** INFORMATION GIVEN **
==================================================

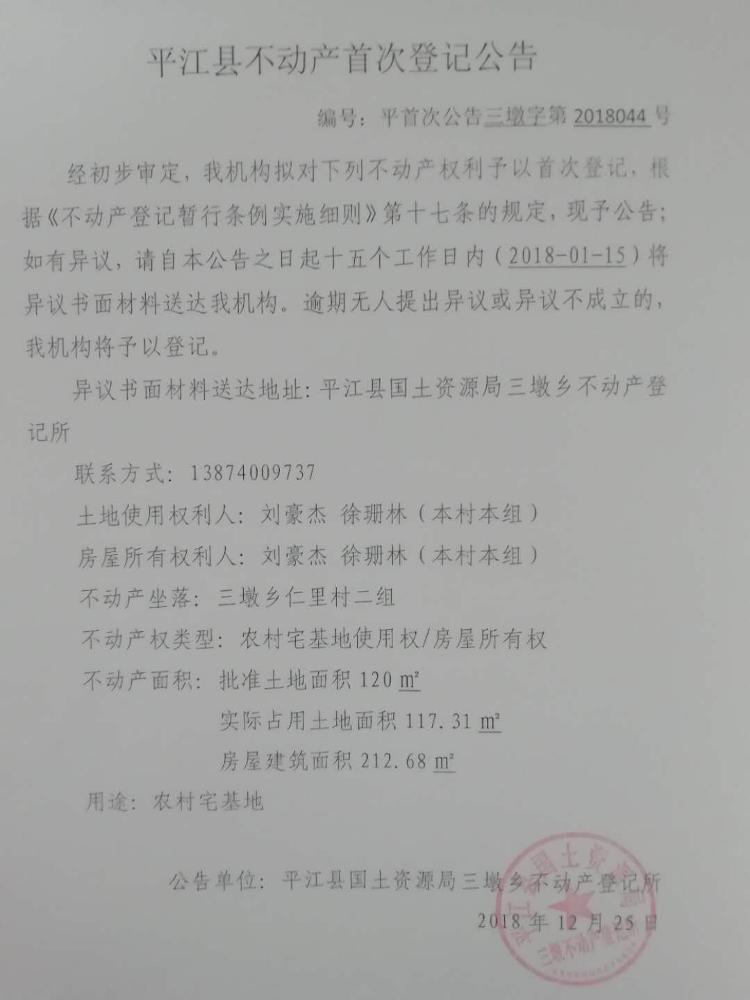 刘豪杰 徐珊林不动产首次登记公告 三墩字第2018044号
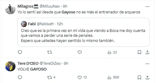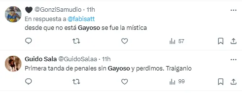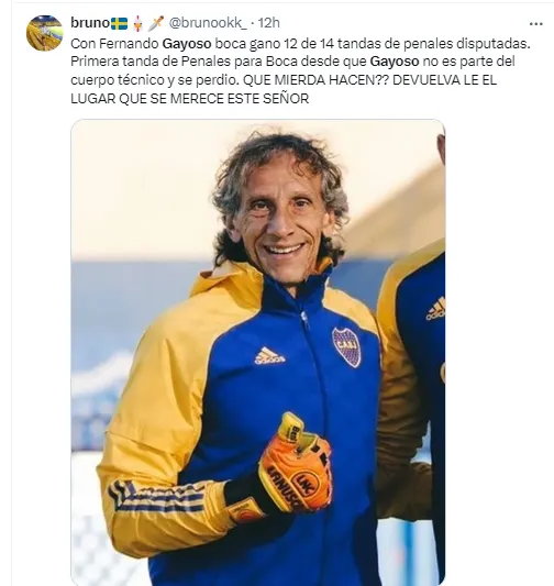Gayoso ganó mucho protagonismo entre 2022 y 2023, con las grandísimas rachas de Agustín Rossi y Sergio Romero en los penales. Sobre todo en la Copa Libertadores 2023, cuando el Xeneize pasó todas las fases definitorias en la definición desde los doce pases.
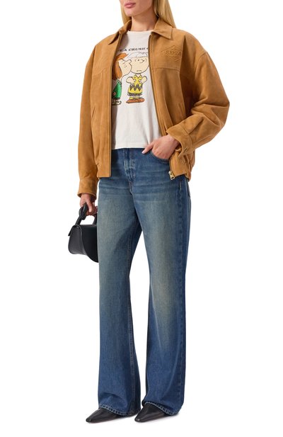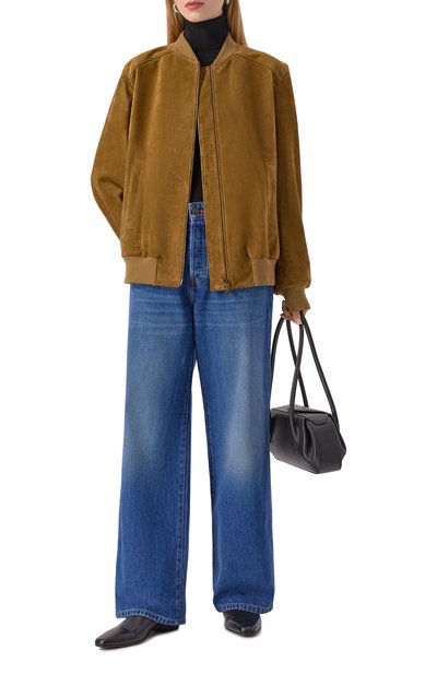 Бомбер с отложным воротником, спущенной линией плеч и двумя врезными карманами сшили из замши. Куртка с эластичным поясом, манжетами на кнопках и атласным подкладом застегивается молнией.
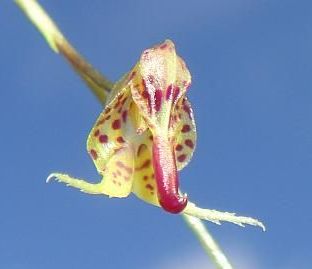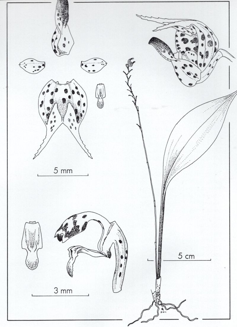 Found in Colombia and Ecuador at elevations of 1450 to 2500 meters as a miniature sized, cool to cold growing epiphyte with erect to suberect, very slender ramicaul enveloped by 2 to 3 tubular sheaths carrying a single, apical, erect, thinly coriaceous, elliptical, acute, acuminate leaf that is cuneate below into the slender petiole and blooms in the summer on a subdense, sharply flexuous slender, smooth, erect to lateral, 4.8" [12 cm] long, successively many flowered, racemose inflorescence.
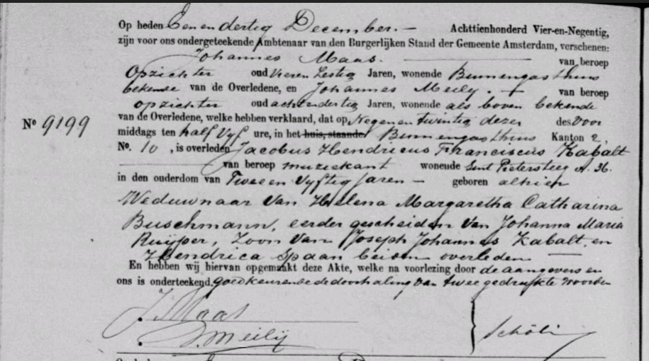 Jacobus Hendricus Franciscus ‘Kootje’ Cabalt (Kabalt) Geboren: 13 december 1842 24 25 — Amsterdam (N-H) Overleden: 29 december 1894 — Amsterdam (N-H) |
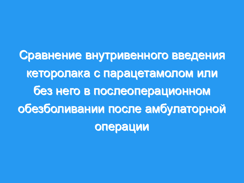 Целью этого рандомизированного слепого исследования с участием пациентов было сравнение эффективности и безопасности перорального приема парацетамола плюс внутривенного (в/в) кеторолака с внутривенным введением только кеторолака после амбулаторного опорожнения матки. План и методы исследования: Женщины были рандомизированы для приема внутрь парацетамола (1 г) в форме, тающей во рту, без воды, плюс кеторолак (30 мг внутривенно один раз в день (o.d.)) или кеторолак (30 мг внутривенно.d.) в качестве монотерапии. Средняя продолжительность опорожнения матки составила 11 минут в группе, принимавшей парацетамол + кеторолак, и 13 минут в группе, принимавшей только кеторолак. Парацетамол вводили за 15 минут до операции, при выписке из больницы (в среднем через 6 часов после операции) и утром на следующий день после операции, в то время как кеторолак вводили в конце хирургического вмешательства. Основные итоговые показатели: Числовая рейтинговая шкала (NRS) использовалась пациентами для оценки их боли по 11-балльной шкале.
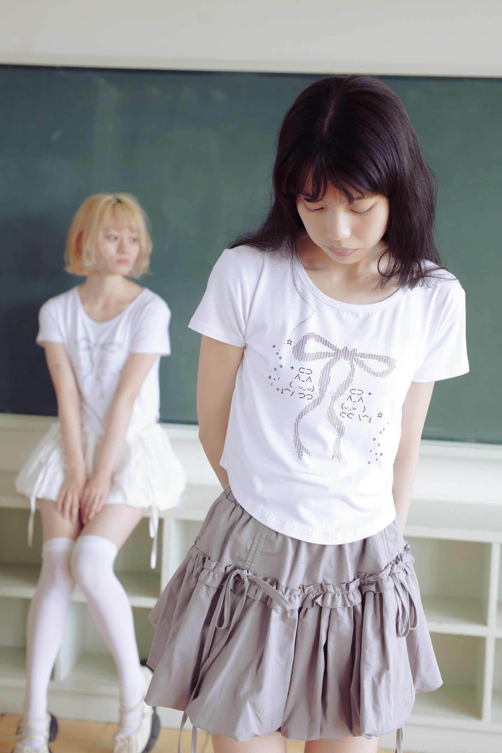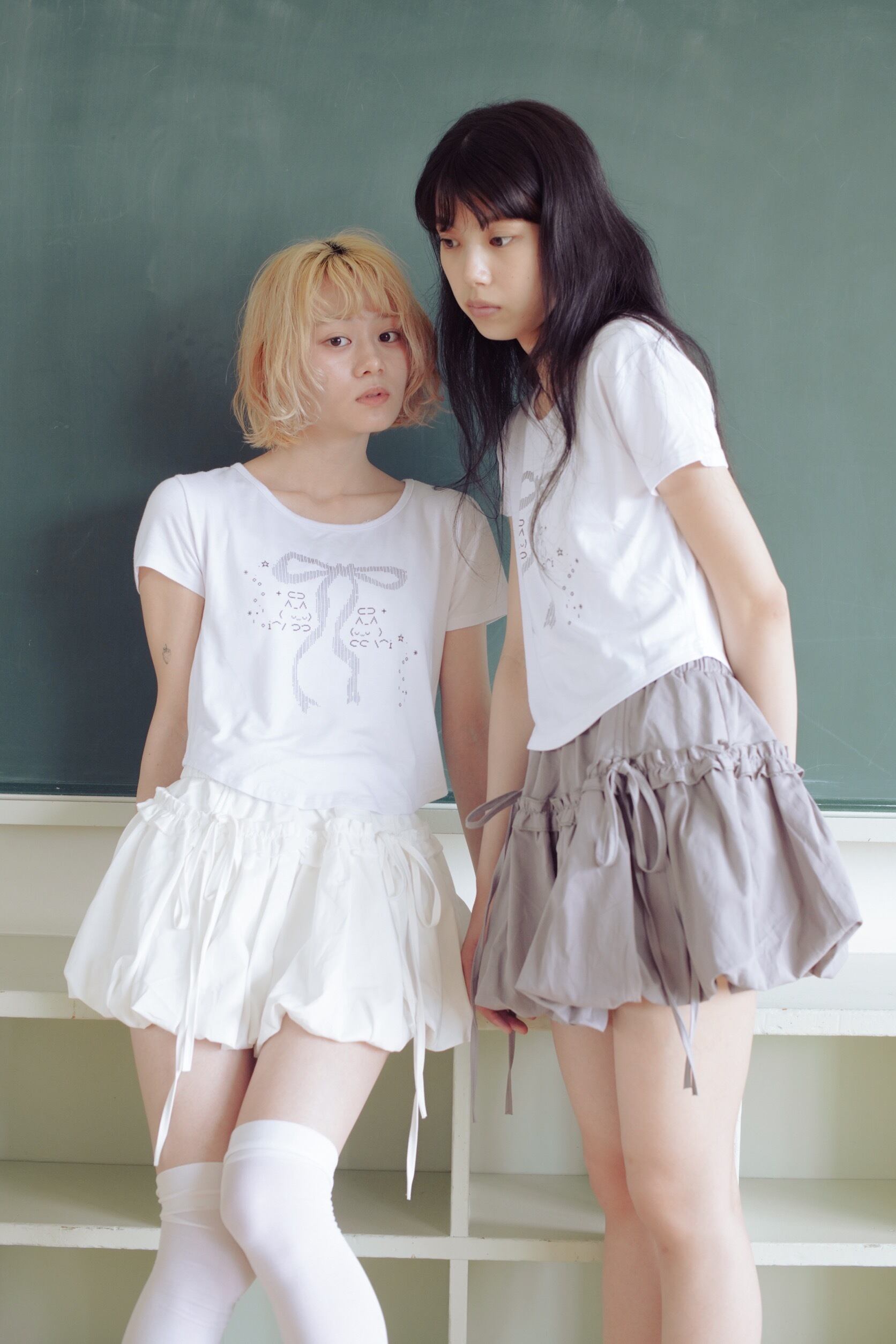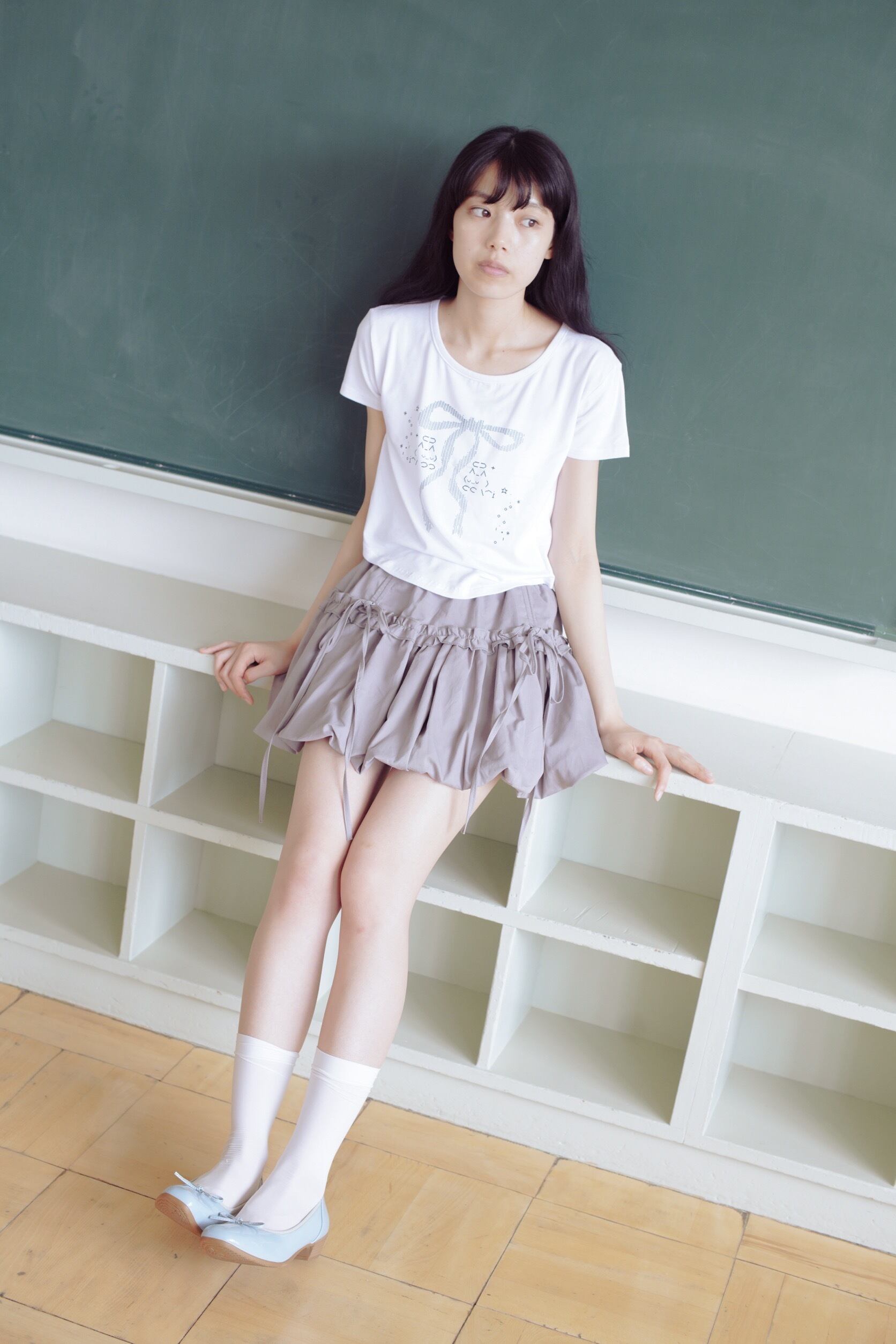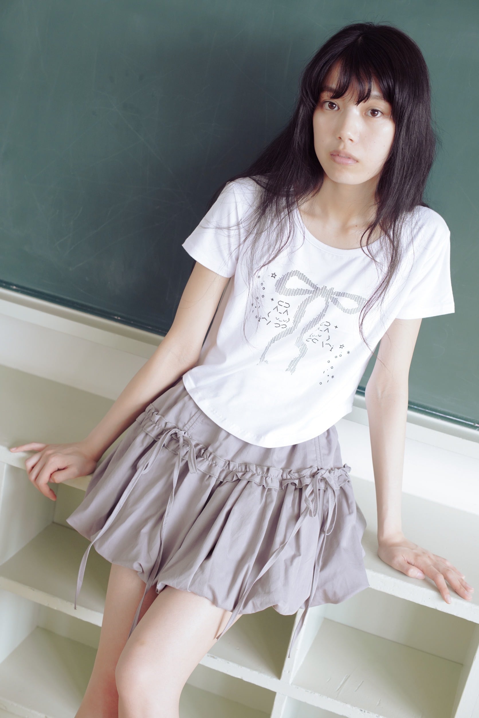 ふんわり広がるバルーンシルエットがコーデに動きをプラスし、施された細かいフリルがガーリーさを際立たせるミニスカート⟡.·
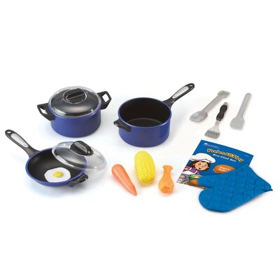 - Includes large deluxe stock pot, saucepan, 2 lids, skillet, spatula, 2 cooking spoons, oven mitt, play food (chicken leg, carrot, corncob and fried egg) and write and wipe activity guide
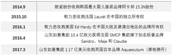 服饰作为消费品,普遍存在品牌老化的问题,随着既有客群的老去,他们迫切需要创建或者引入新的品牌来满足新一代消费人群的需求。不过, 随着行业中越来越多企业登陆资本市场,资本实力增强的环境下,中国纺织服装在经历了2011-2013年的行业低迷期之后,近几年迎来一轮新的并购潮。
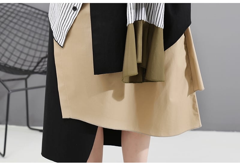 ブラックをベースにストライプやライトブラウン、カーキ色など落ち着きのカラーをドッキングしたティアードスカートです。レイヤードされた立体的なシルエットがスカートに躍動感を与え、ヘルシーな印象を叶えてくれます。
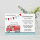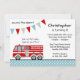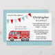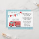 Um belo convite de aniversário de caminhão de bombeiros com um pendant de banner e bolinhas. Perfeito para uma festa temida de bombeiro! Personalize facilmente as informações da sua parte.
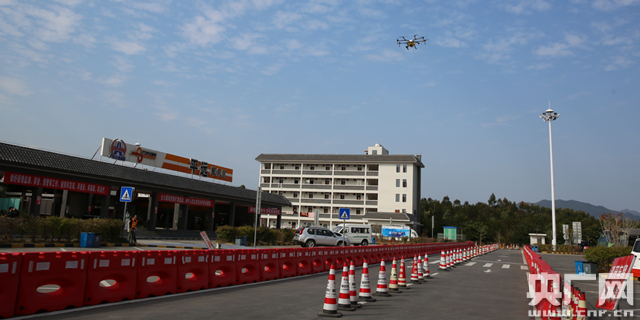 不遠(yuǎn)處,操作人員手持遙控器,緊盯屏幕,掌控著無(wú)人機(jī)的飛行軌跡,引起了眾多司乘群眾的注目。
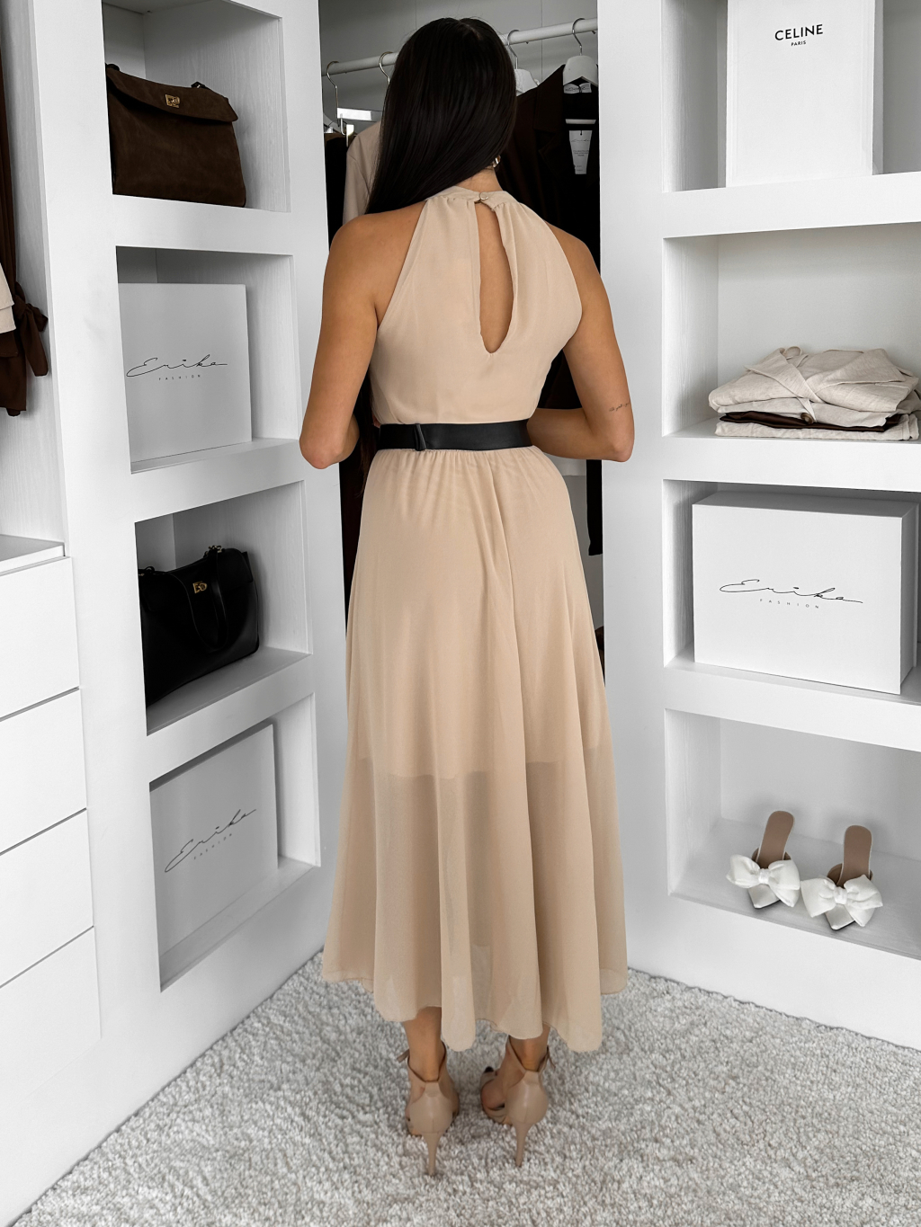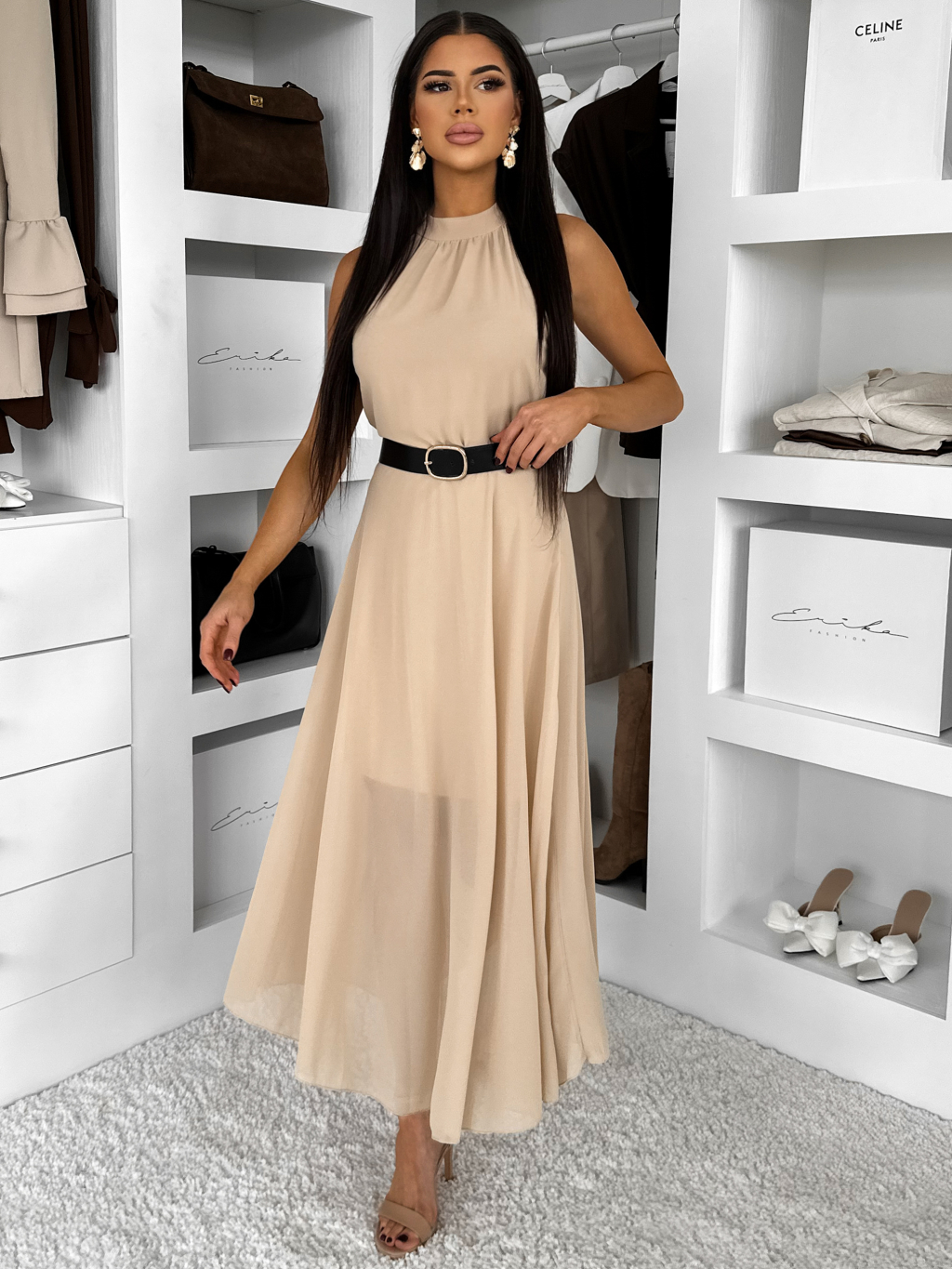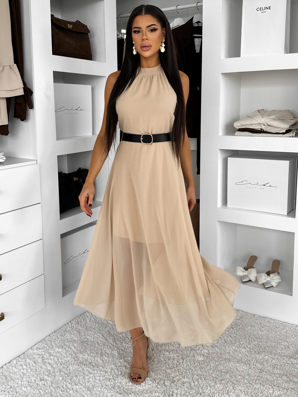 Béžové dlhé šaty DLEGO s opaskom

==================================================

** WHAT THE TASK ASKS **
The listing should be transcribed in full, exactly, and without its pictures.

** FINISHED TASK **
 刘豪杰 徐珊林不动产首次登记公告 三墩字第2018044号
Gayoso ganó mucho protagonismo entre 2022 y 2023, con las grandísimas rachas de Agustín Rossi y Sergio Romero en los penales. Sobre todo en la Copa Libertadores 2023, cuando el Xeneize pasó todas las fases definitorias en la definición desde los doce pases.
 Бомбер с отложным воротником, спущенной линией плеч и двумя врезными карманами сшили из замши. Куртка с эластичным поясом, манжетами на кнопках и атласным подкладом застегивается молнией.
 Found in Colombia and Ecuador at elevations of 1450 to 2500 meters as a miniature sized, cool to cold growing epiphyte with erect to suberect, very slender ramicaul enveloped by 2 to 3 tubular sheaths carrying a single, apical, erect, thinly coriaceous, elliptical, acute, acuminate leaf that is cuneate below into the slender petiole and blooms in the summer on a subdense, sharply flexuous slender, smooth, erect to lateral, 4.8" [12 cm] long, successively many flowered, racemose inflorescence.
 Jacobus Hendricus Franciscus ‘Kootje’ Cabalt (Kabalt) Geboren: 13 december 1842 24 25 — Amsterdam (N-H) Overleden: 29 december 1894 — Amsterdam (N-H) |
 Целью этого рандомизированного слепого исследования с участием пациентов было сравнение эффективности и безопасности перорального приема парацетамола плюс внутривенного (в/в) кеторолака с внутривенным введением только кеторолака после амбулаторного опорожнения матки. План и методы исследования: Женщины были рандомизированы для приема внутрь парацетамола (1 г) в форме, тающей во рту, без воды, плюс кеторолак (30 мг внутривенно один раз в день (o.d.)) или кеторолак (30 мг внутривенно.d.) в качестве монотерапии. Средняя продолжительность опорожнения матки составила 11 минут в группе, принимавшей парацетамол + кеторолак, и 13 минут в группе, принимавшей только кеторолак. Парацетамол вводили за 15 минут до операции, при выписке из больницы (в среднем через 6 часов после операции) и утром на следующий день после операции, в то время как кеторолак вводили в конце хирургического вмешательства. Основные итоговые показатели: Числовая рейтинговая шкала (NRS) использовалась пациентами для оценки их боли по 11-балльной шкале.
 ふんわり広がるバルーンシルエットがコーデに動きをプラスし、施された細かいフリルがガーリーさを際立たせるミニスカート⟡.·
 - Includes large deluxe stock pot, saucepan, 2 lids, skillet, spatula, 2 cooking spoons, oven mitt, play food (chicken leg, carrot, corncob and fried egg) and write and wipe activity guide
 服饰作为消费品,普遍存在品牌老化的问题,随着既有客群的老去,他们迫切需要创建或者引入新的品牌来满足新一代消费人群的需求。不过, 随着行业中越来越多企业登陆资本市场,资本实力增强的环境下,中国纺织服装在经历了2011-2013年的行业低迷期之后,近几年迎来一轮新的并购潮。
 ブラックをベースにストライプやライトブラウン、カーキ色など落ち着きのカラーをドッキングしたティアードスカートです。レイヤードされた立体的なシルエットがスカートに躍動感を与え、ヘルシーな印象を叶えてくれます。
 Um belo convite de aniversário de caminhão de bombeiros com um pendant de banner e bolinhas. Perfeito para uma festa temida de bombeiro! Personalize facilmente as informações da sua parte.
 不遠(yuǎn)處,操作人員手持遙控器,緊盯屏幕,掌控著無(wú)人機(jī)的飛行軌跡,引起了眾多司乘群眾的注目。
 Béžové dlhé šaty DLEGO s opaskom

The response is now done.